The examination of conscience is a tool that helps us know ourselves better and recognize God’s call every day. If at times we realize that we have not responded properly, we can ask the Lord for the grace to begin again the next day. As St. Josemaría said, “Our life — a Christian’s life — has to be as ordinary as this: trying every day to do well those very things it is our duty to do; carrying out our divine mission in the world by fulfilling the little duty of each moment. Or rather, struggling to fulfil it. Sometimes we don’t manage, and when night comes, in our examination, we’ll have to tell our Lord, ‘I am not offering you virtues; today I can only offer you defects. But with your grace I will be able to count myself a victor.’[3]


CHRIST’S CALL and the way we follow Him require us to examine our love of God deeply. We need to face our weaknesses without fear through a sincere examination of conscience, which allows us to identify the roots of our weaknesses. Blessed Álvaro, in one of his early pastoral letters, advised us to "examine our conscience conscientiously."[4] In other words, he encouraged us to have the courage to look deep into our hearts, to find the roots of our weaknesses.

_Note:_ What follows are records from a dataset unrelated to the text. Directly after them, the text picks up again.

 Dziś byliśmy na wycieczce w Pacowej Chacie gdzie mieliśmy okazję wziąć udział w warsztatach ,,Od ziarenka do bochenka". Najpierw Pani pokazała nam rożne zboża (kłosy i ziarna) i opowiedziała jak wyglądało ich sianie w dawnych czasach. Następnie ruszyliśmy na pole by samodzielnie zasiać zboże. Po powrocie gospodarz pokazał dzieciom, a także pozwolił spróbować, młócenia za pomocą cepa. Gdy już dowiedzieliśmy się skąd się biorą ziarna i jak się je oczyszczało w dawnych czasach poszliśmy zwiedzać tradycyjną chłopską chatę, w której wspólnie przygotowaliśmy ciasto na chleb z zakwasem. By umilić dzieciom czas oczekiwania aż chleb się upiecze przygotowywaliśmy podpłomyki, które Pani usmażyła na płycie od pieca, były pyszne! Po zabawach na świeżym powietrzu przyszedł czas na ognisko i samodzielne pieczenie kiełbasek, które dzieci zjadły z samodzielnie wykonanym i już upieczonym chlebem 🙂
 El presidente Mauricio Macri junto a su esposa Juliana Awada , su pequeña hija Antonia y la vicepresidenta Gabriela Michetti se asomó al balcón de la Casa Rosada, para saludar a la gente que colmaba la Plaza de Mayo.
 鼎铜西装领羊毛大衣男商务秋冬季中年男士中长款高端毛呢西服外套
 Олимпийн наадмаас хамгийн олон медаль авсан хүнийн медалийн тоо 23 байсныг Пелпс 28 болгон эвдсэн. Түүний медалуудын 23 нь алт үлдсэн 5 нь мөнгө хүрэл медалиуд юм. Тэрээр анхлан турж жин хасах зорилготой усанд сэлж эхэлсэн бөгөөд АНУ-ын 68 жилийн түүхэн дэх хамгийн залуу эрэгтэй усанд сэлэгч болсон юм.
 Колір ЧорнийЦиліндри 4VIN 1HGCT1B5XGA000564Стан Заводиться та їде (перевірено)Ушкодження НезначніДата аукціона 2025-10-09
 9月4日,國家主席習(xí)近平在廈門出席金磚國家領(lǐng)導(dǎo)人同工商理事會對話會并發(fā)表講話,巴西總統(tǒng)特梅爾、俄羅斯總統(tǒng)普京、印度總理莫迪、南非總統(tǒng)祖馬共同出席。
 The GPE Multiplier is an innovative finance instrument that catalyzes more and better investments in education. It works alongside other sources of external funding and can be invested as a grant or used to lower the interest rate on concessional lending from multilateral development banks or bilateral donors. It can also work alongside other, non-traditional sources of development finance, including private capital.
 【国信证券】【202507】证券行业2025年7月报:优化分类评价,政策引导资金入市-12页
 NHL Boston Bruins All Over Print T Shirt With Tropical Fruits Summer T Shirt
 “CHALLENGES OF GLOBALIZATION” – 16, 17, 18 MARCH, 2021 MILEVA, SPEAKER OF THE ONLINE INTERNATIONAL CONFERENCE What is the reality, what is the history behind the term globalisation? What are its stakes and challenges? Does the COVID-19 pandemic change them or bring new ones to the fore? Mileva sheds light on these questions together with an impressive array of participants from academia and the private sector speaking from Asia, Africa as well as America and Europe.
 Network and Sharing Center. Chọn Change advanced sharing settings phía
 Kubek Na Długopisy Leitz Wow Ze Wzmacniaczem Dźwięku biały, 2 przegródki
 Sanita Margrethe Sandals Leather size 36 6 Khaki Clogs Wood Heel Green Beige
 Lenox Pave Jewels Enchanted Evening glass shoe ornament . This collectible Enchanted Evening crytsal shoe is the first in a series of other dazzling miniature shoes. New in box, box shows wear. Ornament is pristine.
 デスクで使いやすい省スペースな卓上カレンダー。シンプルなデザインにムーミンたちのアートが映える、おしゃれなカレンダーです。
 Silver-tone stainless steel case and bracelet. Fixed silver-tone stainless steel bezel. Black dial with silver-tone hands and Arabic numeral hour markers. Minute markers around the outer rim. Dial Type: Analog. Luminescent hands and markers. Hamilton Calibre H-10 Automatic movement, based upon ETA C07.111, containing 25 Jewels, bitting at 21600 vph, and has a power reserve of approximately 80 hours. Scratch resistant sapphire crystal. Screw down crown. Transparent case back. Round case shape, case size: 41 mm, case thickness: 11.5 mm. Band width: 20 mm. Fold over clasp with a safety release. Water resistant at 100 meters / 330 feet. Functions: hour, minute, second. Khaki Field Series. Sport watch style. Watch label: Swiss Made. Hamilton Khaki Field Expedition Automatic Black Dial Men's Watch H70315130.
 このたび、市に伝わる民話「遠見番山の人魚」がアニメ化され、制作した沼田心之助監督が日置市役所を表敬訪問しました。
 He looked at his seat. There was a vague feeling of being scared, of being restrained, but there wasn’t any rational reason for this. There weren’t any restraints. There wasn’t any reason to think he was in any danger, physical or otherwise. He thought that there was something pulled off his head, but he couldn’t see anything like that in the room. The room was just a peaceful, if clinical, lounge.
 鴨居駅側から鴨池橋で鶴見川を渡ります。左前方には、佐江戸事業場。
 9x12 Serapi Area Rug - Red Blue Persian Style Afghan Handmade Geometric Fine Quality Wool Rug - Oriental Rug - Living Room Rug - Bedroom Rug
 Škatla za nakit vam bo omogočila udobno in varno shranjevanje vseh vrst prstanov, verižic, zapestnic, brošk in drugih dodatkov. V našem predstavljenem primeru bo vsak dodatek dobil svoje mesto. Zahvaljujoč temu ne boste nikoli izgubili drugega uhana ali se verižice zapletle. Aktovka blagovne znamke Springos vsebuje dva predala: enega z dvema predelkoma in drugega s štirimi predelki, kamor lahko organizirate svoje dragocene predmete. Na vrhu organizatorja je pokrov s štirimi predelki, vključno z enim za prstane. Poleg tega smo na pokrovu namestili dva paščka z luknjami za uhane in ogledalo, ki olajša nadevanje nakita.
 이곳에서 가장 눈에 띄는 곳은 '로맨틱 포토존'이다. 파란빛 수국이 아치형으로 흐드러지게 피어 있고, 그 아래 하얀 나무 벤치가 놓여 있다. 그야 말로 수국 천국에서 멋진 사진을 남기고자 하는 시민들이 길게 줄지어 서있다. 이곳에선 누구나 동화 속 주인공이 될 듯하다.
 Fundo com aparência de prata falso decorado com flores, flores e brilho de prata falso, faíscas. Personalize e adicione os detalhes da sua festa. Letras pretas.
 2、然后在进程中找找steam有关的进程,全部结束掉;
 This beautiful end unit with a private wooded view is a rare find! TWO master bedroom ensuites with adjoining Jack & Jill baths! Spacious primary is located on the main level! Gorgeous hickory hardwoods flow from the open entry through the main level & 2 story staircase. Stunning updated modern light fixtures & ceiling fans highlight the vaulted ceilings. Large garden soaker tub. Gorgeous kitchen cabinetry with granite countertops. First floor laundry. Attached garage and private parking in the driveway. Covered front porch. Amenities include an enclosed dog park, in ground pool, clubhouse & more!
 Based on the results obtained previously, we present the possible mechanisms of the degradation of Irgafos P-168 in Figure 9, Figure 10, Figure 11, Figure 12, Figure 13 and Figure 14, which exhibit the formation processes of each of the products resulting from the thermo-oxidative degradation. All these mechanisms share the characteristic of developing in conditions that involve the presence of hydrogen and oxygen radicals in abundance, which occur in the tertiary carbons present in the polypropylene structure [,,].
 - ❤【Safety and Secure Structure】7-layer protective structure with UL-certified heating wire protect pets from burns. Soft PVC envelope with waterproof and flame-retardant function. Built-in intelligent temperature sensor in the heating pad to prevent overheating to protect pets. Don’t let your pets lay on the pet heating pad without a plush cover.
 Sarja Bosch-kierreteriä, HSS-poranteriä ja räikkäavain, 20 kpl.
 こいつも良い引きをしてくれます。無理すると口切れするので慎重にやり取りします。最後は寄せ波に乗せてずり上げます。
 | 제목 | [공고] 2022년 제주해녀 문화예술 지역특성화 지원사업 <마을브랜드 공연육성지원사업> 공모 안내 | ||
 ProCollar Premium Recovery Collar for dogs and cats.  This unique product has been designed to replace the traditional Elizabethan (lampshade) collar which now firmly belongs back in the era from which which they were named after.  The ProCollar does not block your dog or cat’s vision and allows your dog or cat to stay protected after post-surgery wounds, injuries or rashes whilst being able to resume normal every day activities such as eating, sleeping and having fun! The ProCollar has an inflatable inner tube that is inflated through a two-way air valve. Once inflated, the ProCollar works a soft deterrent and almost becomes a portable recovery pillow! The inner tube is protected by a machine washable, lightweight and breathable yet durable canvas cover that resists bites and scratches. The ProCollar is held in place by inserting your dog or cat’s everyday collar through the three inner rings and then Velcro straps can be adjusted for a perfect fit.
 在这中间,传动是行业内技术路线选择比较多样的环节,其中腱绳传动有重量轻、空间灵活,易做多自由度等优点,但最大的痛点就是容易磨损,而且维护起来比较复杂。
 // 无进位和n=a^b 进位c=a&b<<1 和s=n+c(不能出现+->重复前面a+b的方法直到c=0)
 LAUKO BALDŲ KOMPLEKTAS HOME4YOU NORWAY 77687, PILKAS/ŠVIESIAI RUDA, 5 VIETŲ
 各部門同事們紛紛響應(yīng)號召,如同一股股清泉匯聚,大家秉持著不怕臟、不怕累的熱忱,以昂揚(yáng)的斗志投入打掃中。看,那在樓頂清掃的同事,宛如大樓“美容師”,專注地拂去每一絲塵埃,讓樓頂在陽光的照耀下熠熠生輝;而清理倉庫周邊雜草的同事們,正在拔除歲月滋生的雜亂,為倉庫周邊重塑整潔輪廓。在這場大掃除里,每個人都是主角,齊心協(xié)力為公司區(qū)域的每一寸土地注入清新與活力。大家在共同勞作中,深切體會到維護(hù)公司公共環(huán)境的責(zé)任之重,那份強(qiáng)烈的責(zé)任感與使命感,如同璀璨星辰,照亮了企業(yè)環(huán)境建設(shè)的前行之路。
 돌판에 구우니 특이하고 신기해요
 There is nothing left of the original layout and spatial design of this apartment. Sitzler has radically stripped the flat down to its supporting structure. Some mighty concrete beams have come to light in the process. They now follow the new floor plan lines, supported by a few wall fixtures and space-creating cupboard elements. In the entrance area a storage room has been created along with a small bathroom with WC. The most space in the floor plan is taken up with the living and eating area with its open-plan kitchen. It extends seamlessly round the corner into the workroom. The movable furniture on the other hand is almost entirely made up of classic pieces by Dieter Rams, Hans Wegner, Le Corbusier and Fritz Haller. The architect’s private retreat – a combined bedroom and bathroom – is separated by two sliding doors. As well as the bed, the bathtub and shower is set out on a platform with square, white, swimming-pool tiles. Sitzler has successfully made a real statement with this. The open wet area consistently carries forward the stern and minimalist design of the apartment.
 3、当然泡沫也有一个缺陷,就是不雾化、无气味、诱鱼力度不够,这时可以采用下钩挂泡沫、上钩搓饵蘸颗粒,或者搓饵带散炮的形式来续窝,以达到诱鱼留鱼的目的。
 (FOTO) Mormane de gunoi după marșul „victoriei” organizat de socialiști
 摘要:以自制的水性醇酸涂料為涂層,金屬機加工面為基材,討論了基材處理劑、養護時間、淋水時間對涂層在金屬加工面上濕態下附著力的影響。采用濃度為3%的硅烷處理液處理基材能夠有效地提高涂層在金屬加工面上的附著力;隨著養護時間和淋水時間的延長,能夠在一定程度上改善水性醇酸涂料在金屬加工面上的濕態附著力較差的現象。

The effort to grow in self-knowledge can help us grow in freedom, as we discover God’s continual presence and action in our lives, inspiring us to live with authenticity. On the other hand, “forgetting God’s presence in our life goes hand in hand with our ignorance of ourselves — ignoring God and ignoring ourselves — ignorance of our personality traits and of our deepest desires.”[5] In our examination of conscience, we can rekindle the ideals we want to motivate us and ask God for grace to help us live according to our vocation. This way, we can accompany the Lord closely without being ensnared by things that separate us from Him. When Jesus called the first apostles, they “left everything — everything! And followed him… And it does happen sometimes that we, who wish to imitate them, don’t quite leave everything, and there remains some attachment in our heart, something wrong in our life which we’re not willing to break with and offer up to God. Won’t you examine your heart in depth? Nothing should remain there except what is his. If not, we aren’t really loving him, neither you nor I.”[6]

Our Lady knew how to direct her affections toward the mission the angel had announced to her: to be the Mother of God. From that day on, her entire life, even in the smallest details, revolved around that vocation. She can help us make our entire day an expression of our love for her Son, which extends to the people around us.


[1] Pope Francis, Audience, 22-XII-2021.

[2] Javier Echevarría, Memoria del beato Josemaría.

[3] St. Josemaría, The Forge, no. 616.

[4] Bl. Alvaro del Portillo, Letter 8-XII-1976, no. 8.

[5] Pope Francis, Audience, 5-X-2022.

[6] St. Josemaría, The Forge, no. 356.